Stored data entries:

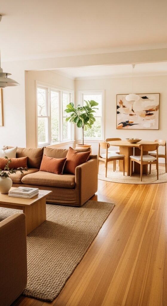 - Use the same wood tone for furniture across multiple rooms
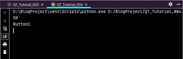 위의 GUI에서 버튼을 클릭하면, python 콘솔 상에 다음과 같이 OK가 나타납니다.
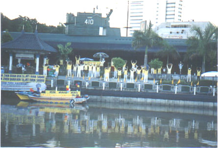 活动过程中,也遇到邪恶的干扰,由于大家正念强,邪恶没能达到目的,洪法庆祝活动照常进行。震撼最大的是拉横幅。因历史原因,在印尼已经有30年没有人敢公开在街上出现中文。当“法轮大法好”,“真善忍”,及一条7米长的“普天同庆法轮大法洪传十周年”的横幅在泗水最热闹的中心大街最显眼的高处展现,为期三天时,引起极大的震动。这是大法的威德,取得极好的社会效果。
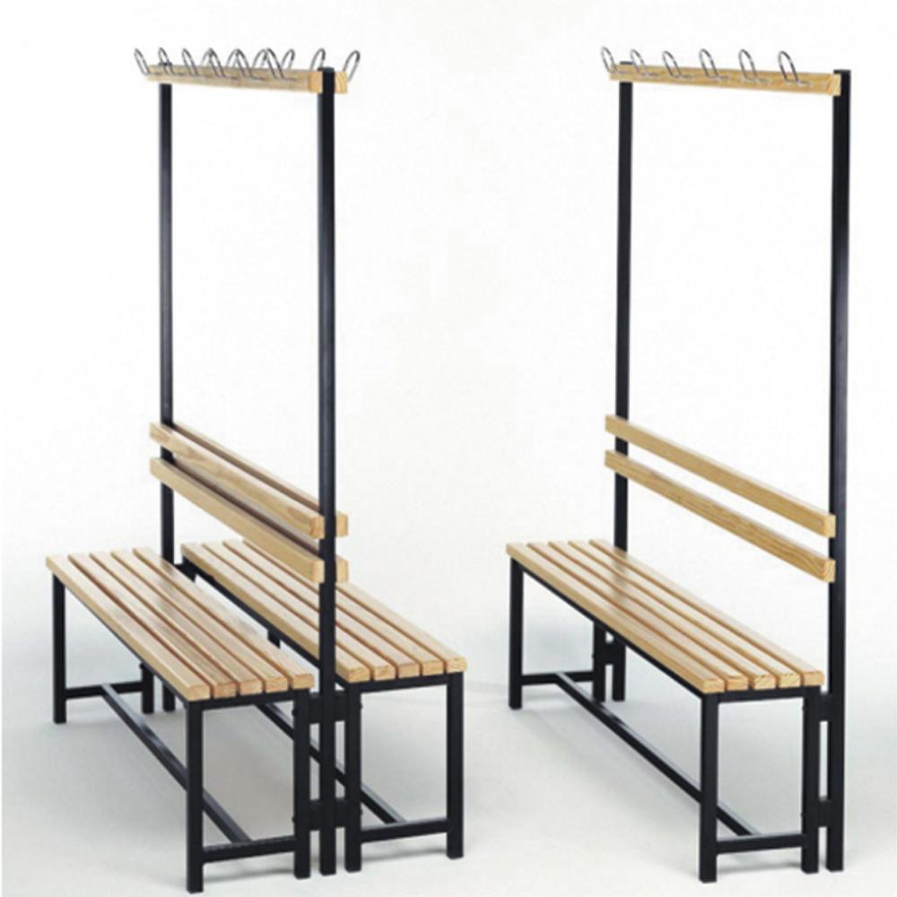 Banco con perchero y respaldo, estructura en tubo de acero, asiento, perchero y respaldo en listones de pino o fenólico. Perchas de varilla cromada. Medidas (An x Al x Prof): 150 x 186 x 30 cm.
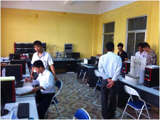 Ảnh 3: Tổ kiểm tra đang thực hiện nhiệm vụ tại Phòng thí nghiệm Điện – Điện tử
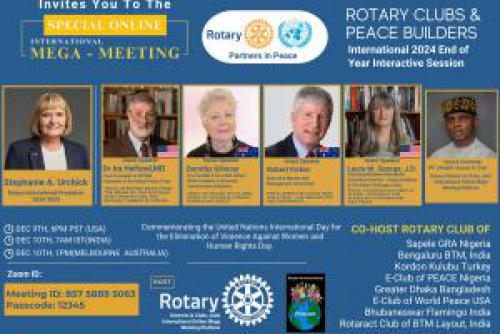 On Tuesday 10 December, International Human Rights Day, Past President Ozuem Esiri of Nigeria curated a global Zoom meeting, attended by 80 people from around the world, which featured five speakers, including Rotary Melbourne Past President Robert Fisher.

(Your goal) Quote every record above exactly, leaving out the pictures.

(Task output)
 - Use the same wood tone for furniture across multiple rooms
 위의 GUI에서 버튼을 클릭하면, python 콘솔 상에 다음과 같이 OK가 나타납니다.
 活动过程中,也遇到邪恶的干扰,由于大家正念强,邪恶没能达到目的,洪法庆祝活动照常进行。震撼最大的是拉横幅。因历史原因,在印尼已经有30年没有人敢公开在街上出现中文。当“法轮大法好”,“真善忍”,及一条7米长的“普天同庆法轮大法洪传十周年”的横幅在泗水最热闹的中心大街最显眼的高处展现,为期三天时,引起极大的震动。这是大法的威德,取得极好的社会效果。
 Banco con perchero y respaldo, estructura en tubo de acero, asiento, perchero y respaldo en listones de pino o fenólico. Perchas de varilla cromada. Medidas (An x Al x Prof): 150 x 186 x 30 cm.
 Ảnh 3: Tổ kiểm tra đang thực hiện nhiệm vụ tại Phòng thí nghiệm Điện – Điện tử
 On Tuesday 10 December, International Human Rights Day, Past President Ozuem Esiri of Nigeria curated a global Zoom meeting, attended by 80 people from around the world, which featured five speakers, including Rotary Melbourne Past President Robert Fisher.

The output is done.